*EXERCISE PROMPT:*
Please repeat the whole listing exactly, but leave out any picture it holds.

*GIVEN INFORMATION:*
____
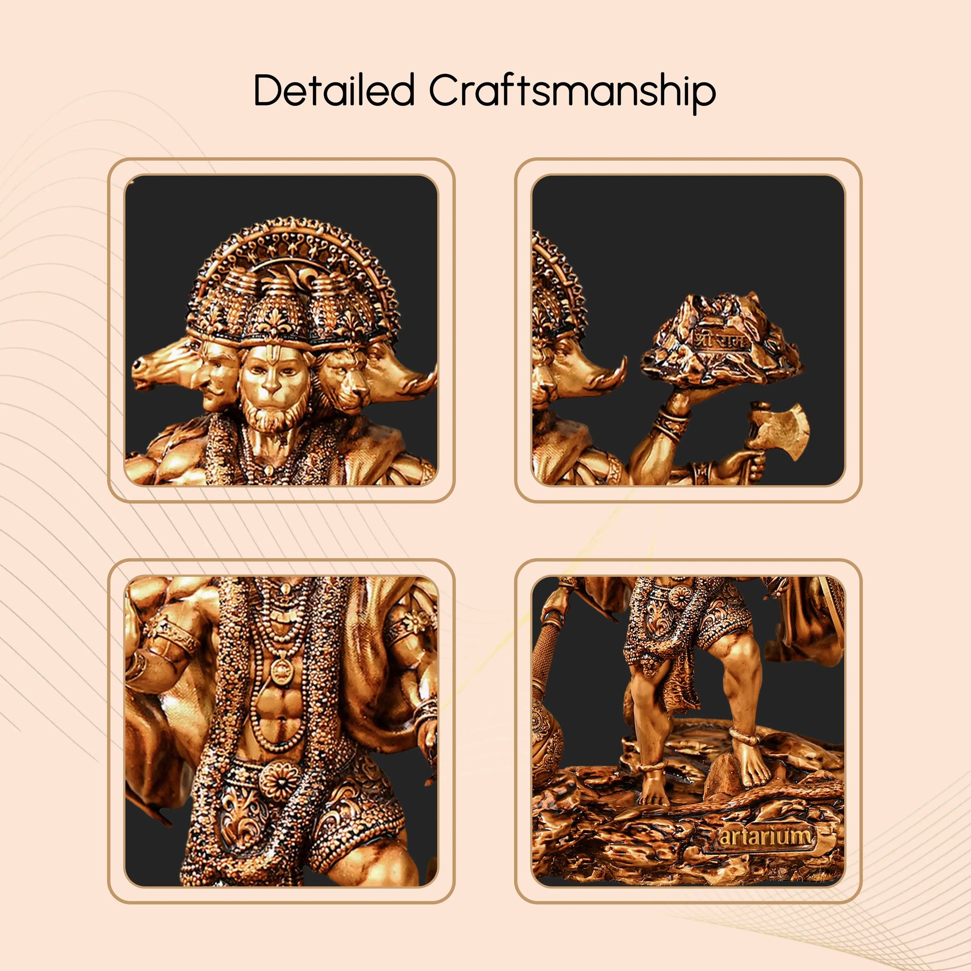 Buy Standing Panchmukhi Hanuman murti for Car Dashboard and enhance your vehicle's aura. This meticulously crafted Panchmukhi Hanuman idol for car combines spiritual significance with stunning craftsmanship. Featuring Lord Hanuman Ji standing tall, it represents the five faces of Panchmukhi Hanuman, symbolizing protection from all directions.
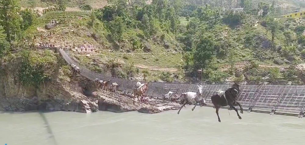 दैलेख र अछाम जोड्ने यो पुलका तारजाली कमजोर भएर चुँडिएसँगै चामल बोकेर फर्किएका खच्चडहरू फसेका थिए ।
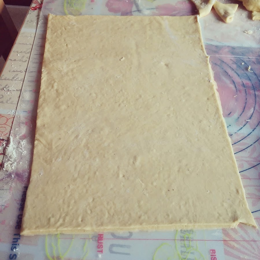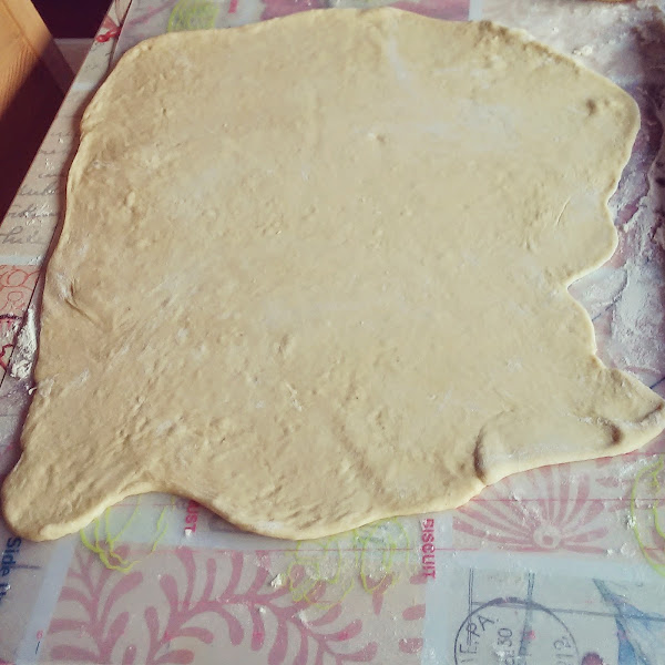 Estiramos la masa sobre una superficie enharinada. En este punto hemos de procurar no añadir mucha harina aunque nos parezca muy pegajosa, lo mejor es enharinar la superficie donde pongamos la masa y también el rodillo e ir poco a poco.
____
*SOLUTION TO THIS PROBLEM:*
 Buy Standing Panchmukhi Hanuman murti for Car Dashboard and enhance your vehicle's aura. This meticulously crafted Panchmukhi Hanuman idol for car combines spiritual significance with stunning craftsmanship. Featuring Lord Hanuman Ji standing tall, it represents the five faces of Panchmukhi Hanuman, symbolizing protection from all directions.
 दैलेख र अछाम जोड्ने यो पुलका तारजाली कमजोर भएर चुँडिएसँगै चामल बोकेर फर्किएका खच्चडहरू फसेका थिए ।
 Estiramos la masa sobre una superficie enharinada. En este punto hemos de procurar no añadir mucha harina aunque nos parezca muy pegajosa, lo mejor es enharinar la superficie donde pongamos la masa y también el rodillo e ir poco a poco.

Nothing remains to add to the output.